__SOURCE MATERIAL__:
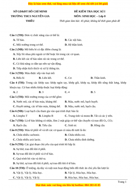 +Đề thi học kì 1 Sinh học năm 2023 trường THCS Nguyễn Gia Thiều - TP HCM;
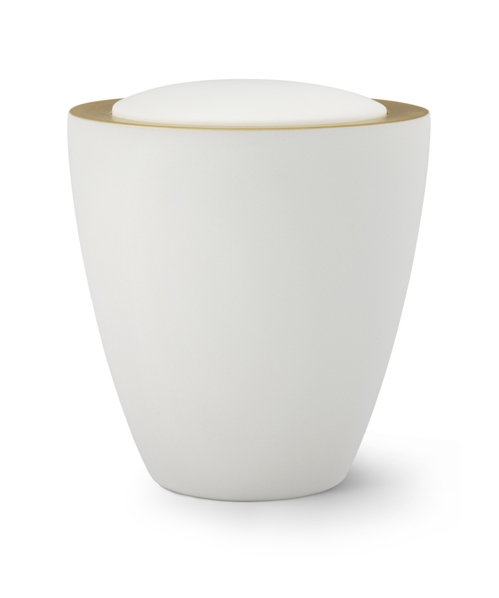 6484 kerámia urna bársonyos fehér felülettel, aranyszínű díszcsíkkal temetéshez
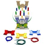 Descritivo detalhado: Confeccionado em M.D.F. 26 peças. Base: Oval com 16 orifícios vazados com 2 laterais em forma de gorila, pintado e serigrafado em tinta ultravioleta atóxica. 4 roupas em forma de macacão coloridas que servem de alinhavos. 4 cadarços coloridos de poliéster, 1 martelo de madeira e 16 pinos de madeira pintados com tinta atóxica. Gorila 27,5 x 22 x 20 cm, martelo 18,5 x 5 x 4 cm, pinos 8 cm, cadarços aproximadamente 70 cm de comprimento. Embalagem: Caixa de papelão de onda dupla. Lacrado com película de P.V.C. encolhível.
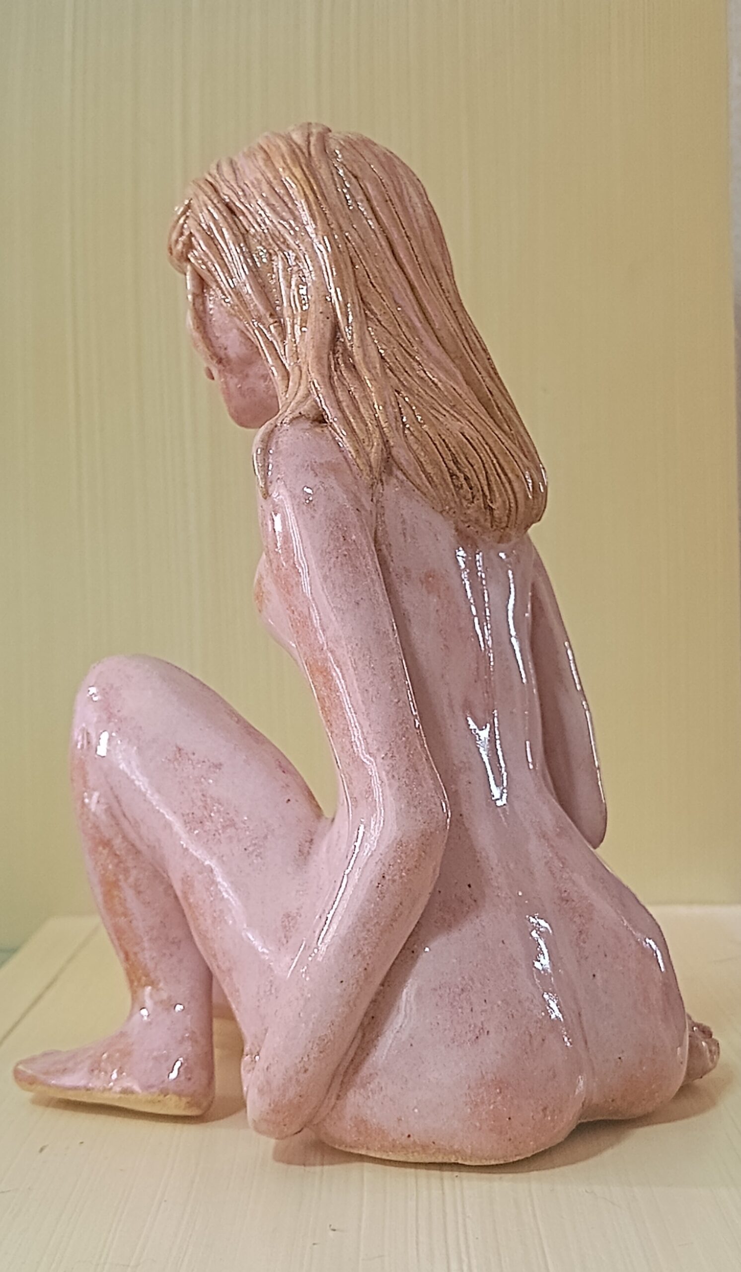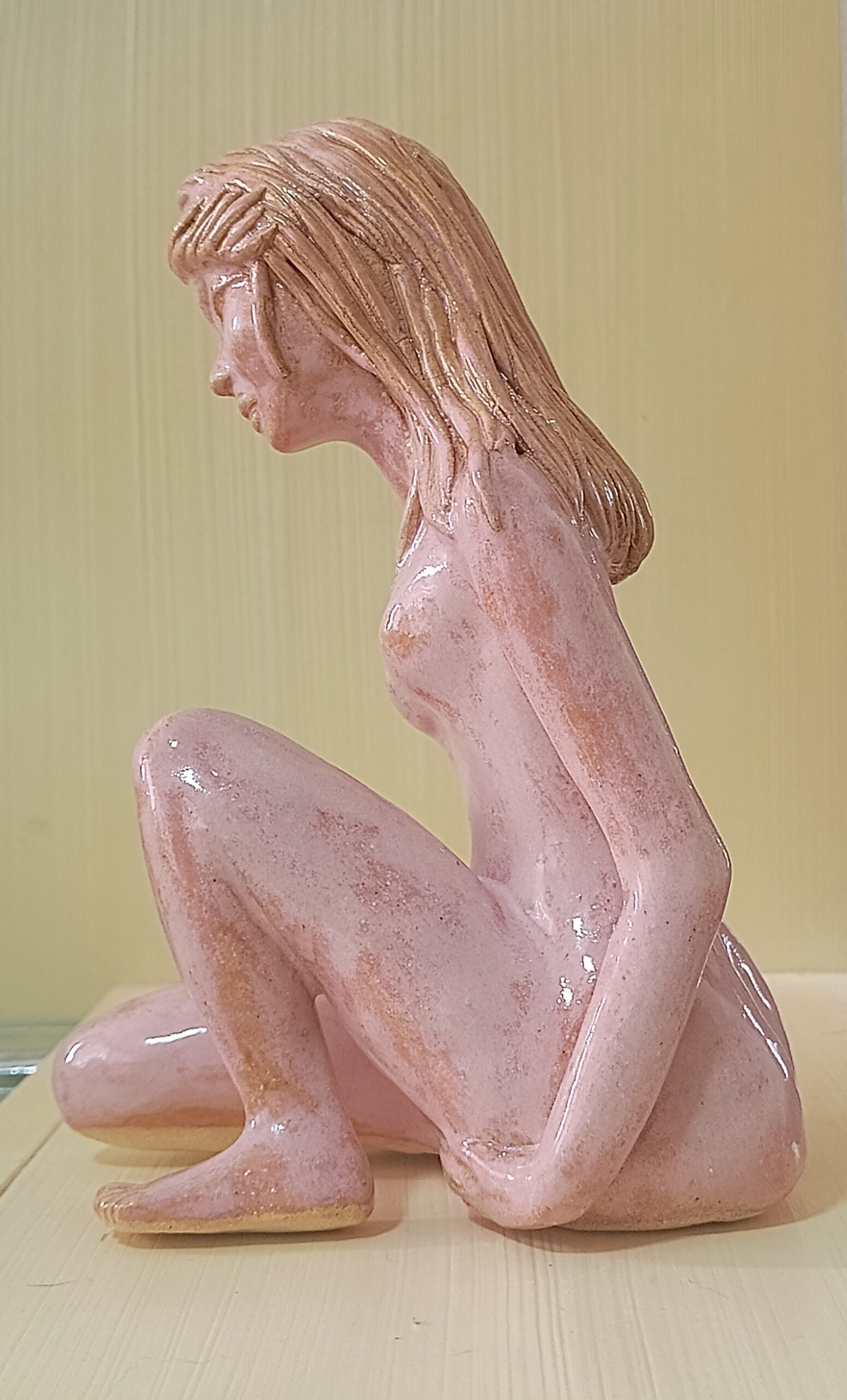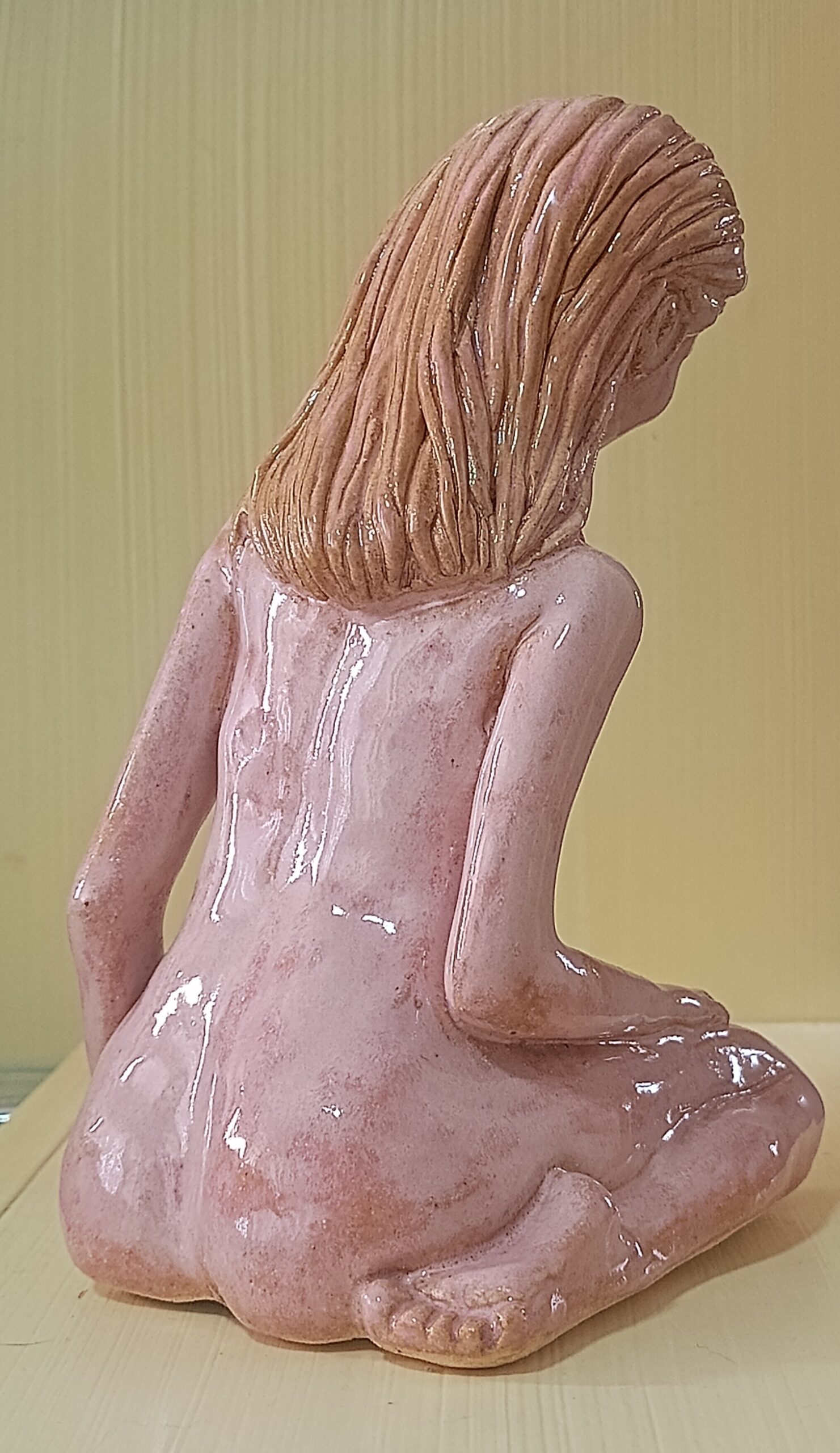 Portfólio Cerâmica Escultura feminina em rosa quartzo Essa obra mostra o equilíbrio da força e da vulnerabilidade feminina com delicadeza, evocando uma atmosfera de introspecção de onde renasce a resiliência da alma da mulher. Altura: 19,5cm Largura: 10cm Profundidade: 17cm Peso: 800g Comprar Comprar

__PROBLEM STATEMENT__:
Pictures aside, the material must be written out word for word.

__ANSWER__:
 +Đề thi học kì 1 Sinh học năm 2023 trường THCS Nguyễn Gia Thiều - TP HCM;
 6484 kerámia urna bársonyos fehér felülettel, aranyszínű díszcsíkkal temetéshez
 Descritivo detalhado: Confeccionado em M.D.F. 26 peças. Base: Oval com 16 orifícios vazados com 2 laterais em forma de gorila, pintado e serigrafado em tinta ultravioleta atóxica. 4 roupas em forma de macacão coloridas que servem de alinhavos. 4 cadarços coloridos de poliéster, 1 martelo de madeira e 16 pinos de madeira pintados com tinta atóxica. Gorila 27,5 x 22 x 20 cm, martelo 18,5 x 5 x 4 cm, pinos 8 cm, cadarços aproximadamente 70 cm de comprimento. Embalagem: Caixa de papelão de onda dupla. Lacrado com película de P.V.C. encolhível.
 Portfólio Cerâmica Escultura feminina em rosa quartzo Essa obra mostra o equilíbrio da força e da vulnerabilidade feminina com delicadeza, evocando uma atmosfera de introspecção de onde renasce a resiliência da alma da mulher. Altura: 19,5cm Largura: 10cm Profundidade: 17cm Peso: 800g Comprar Comprar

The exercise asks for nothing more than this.